(Stored items from a collection)
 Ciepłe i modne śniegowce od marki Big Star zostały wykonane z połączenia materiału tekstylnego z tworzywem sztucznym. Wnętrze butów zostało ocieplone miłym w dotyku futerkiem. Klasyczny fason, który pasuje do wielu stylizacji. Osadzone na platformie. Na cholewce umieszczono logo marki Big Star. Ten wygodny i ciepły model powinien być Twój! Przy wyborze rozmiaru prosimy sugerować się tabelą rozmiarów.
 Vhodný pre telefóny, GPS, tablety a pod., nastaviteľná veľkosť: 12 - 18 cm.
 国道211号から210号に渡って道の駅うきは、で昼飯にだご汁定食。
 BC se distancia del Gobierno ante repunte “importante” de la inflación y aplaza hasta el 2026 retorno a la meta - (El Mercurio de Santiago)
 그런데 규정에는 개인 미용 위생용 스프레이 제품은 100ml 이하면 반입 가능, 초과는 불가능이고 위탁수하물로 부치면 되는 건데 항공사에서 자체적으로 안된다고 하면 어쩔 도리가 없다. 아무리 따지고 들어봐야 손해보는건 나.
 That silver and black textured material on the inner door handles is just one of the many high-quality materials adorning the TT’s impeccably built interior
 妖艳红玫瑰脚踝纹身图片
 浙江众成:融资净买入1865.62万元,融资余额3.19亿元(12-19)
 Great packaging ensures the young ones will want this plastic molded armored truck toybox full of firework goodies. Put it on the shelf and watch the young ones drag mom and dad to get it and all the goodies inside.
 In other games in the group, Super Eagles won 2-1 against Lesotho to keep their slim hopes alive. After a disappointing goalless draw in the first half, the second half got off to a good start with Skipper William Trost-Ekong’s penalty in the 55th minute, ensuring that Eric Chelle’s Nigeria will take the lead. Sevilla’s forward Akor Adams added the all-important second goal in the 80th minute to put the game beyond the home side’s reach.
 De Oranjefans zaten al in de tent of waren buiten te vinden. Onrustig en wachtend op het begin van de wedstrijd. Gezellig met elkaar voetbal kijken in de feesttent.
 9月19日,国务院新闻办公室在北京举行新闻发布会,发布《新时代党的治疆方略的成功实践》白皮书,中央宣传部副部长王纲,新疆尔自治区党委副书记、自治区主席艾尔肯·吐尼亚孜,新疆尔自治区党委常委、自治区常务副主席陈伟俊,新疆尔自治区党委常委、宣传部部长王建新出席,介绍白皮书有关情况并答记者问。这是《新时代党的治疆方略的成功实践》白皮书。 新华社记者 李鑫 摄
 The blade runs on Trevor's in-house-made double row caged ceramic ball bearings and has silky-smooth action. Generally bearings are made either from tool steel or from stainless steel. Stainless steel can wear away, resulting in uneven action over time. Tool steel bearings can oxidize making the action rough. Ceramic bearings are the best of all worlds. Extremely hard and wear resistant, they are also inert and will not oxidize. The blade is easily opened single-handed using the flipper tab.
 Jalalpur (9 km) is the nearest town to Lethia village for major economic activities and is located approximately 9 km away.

Task instructions ▸
Using the data above, repeat exactly the lines that begin at the line with "That silver and" and end at the line with "The blade runs", both ends included.

Output for this task ▸
 That silver and black textured material on the inner door handles is just one of the many high-quality materials adorning the TT’s impeccably built interior
 妖艳红玫瑰脚踝纹身图片
 浙江众成:融资净买入1865.62万元,融资余额3.19亿元(12-19)
 Great packaging ensures the young ones will want this plastic molded armored truck toybox full of firework goodies. Put it on the shelf and watch the young ones drag mom and dad to get it and all the goodies inside.
 In other games in the group, Super Eagles won 2-1 against Lesotho to keep their slim hopes alive. After a disappointing goalless draw in the first half, the second half got off to a good start with Skipper William Trost-Ekong’s penalty in the 55th minute, ensuring that Eric Chelle’s Nigeria will take the lead. Sevilla’s forward Akor Adams added the all-important second goal in the 80th minute to put the game beyond the home side’s reach.
 De Oranjefans zaten al in de tent of waren buiten te vinden. Onrustig en wachtend op het begin van de wedstrijd. Gezellig met elkaar voetbal kijken in de feesttent.
 9月19日,国务院新闻办公室在北京举行新闻发布会,发布《新时代党的治疆方略的成功实践》白皮书,中央宣传部副部长王纲,新疆尔自治区党委副书记、自治区主席艾尔肯·吐尼亚孜,新疆尔自治区党委常委、自治区常务副主席陈伟俊,新疆尔自治区党委常委、宣传部部长王建新出席,介绍白皮书有关情况并答记者问。这是《新时代党的治疆方略的成功实践》白皮书。 新华社记者 李鑫 摄
 The blade runs on Trevor's in-house-made double row caged ceramic ball bearings and has silky-smooth action. Generally bearings are made either from tool steel or from stainless steel. Stainless steel can wear away, resulting in uneven action over time. Tool steel bearings can oxidize making the action rough. Ceramic bearings are the best of all worlds. Extremely hard and wear resistant, they are also inert and will not oxidize. The blade is easily opened single-handed using the flipper tab.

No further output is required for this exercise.